Small Businesses Leverage Cashflow to Fund Growth

Majority of small and medium enterprises find it too “time-consuming and expensive” to apply for bank finance

Small Businesses Leverage Cashflow to Fund Growth

More than half (59%) of Britain’s small firms are using cashflow to fund growth as many believe it’s too “expensive and time-consuming” to seek funding traditional lenders; the national Working Capital Outlook Survey by C2FO has reported.

60% of small businesses said it was too expensive to borrow from banks and the report found that only 30% of UK companies are able to borrow money for an APR of under 6% – with firms in the financial and insurance sector borrowing at the highest rate of approximately 7.2%.

The survey featured over 400 small and medium businesses and quizzed them on a range of financial issues, including how they preferred to improve working capital and deal with late payments.

While many business owners said they were trying to finance development using operational cash, 61% said they are becoming increasingly concerned over their ability to finance long-term growth over short-term growth (39%). Furthermore, 40% of business owners said there have been points over the last year when they have needed more working capital than they had.
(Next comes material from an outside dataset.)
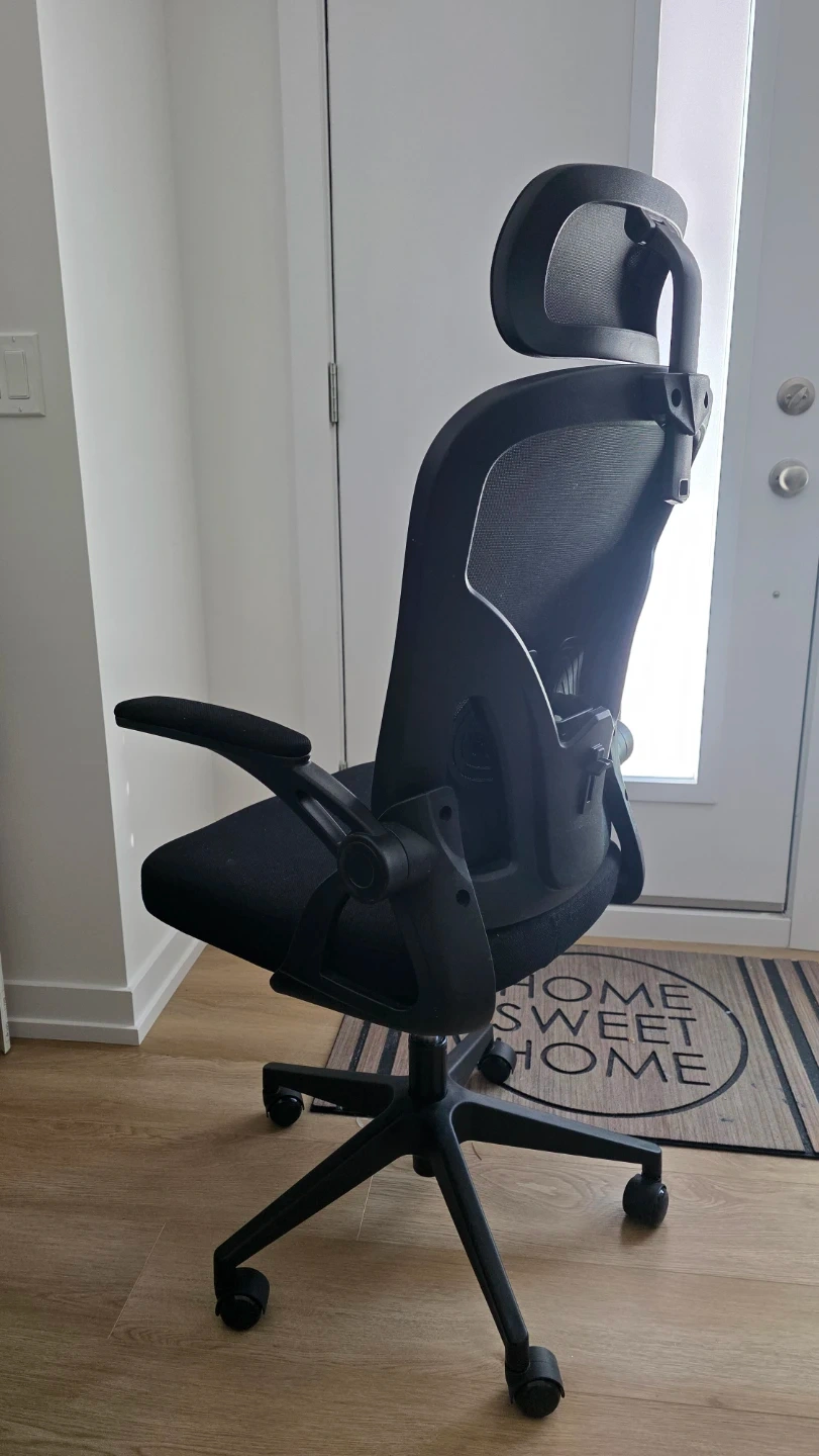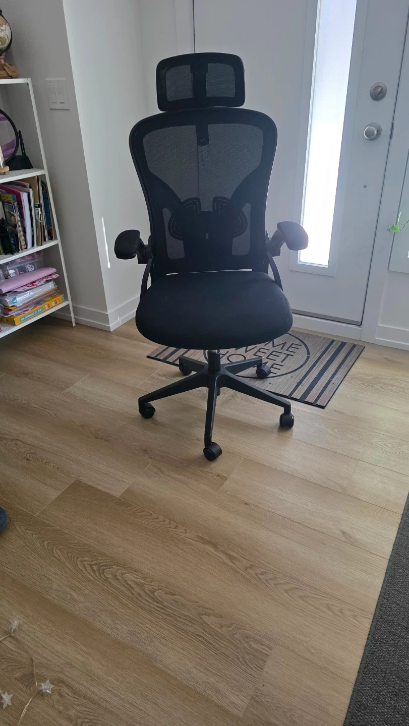 This ergonomic office chair features a breathable mesh back and adjustable headrest and back support for comfort. It has adjustable armrests and a sturdy base with casters for easy mobility. This chair is great for long work sessions at your desk!

When asked what they would do with more funding, business owners reported that they would invest in growth (46%), purchase more inventory (23%) and meet existing obligations (20%).

In regards to small businesses and late payments, many firms reported an ongoing issue with large business customers refusing to pay on time – over 10% of small businesses confirmed that customers regularly pay late.

Despite the highly publicised late payment problem in Britain, 39% of business owners said they still don’t like to directly ask customers for early payment. Yet when asked what type of payment options companies considered, 77% said they would prefer to name their rate for early payment.

Colin Sharp, SVP EMEA at C2FO, commented on the report:

“Small businesses in the UK are evidently paying careful attention to their prospective customers’ payment terms, given high borrowing costs and an increasing reliance on efficient cash flow from their customers to fund operations and growth.

“Over a third of UK small businesses state that it’s too expensive to borrow, with a majority financing themselves with cashflow from operations.”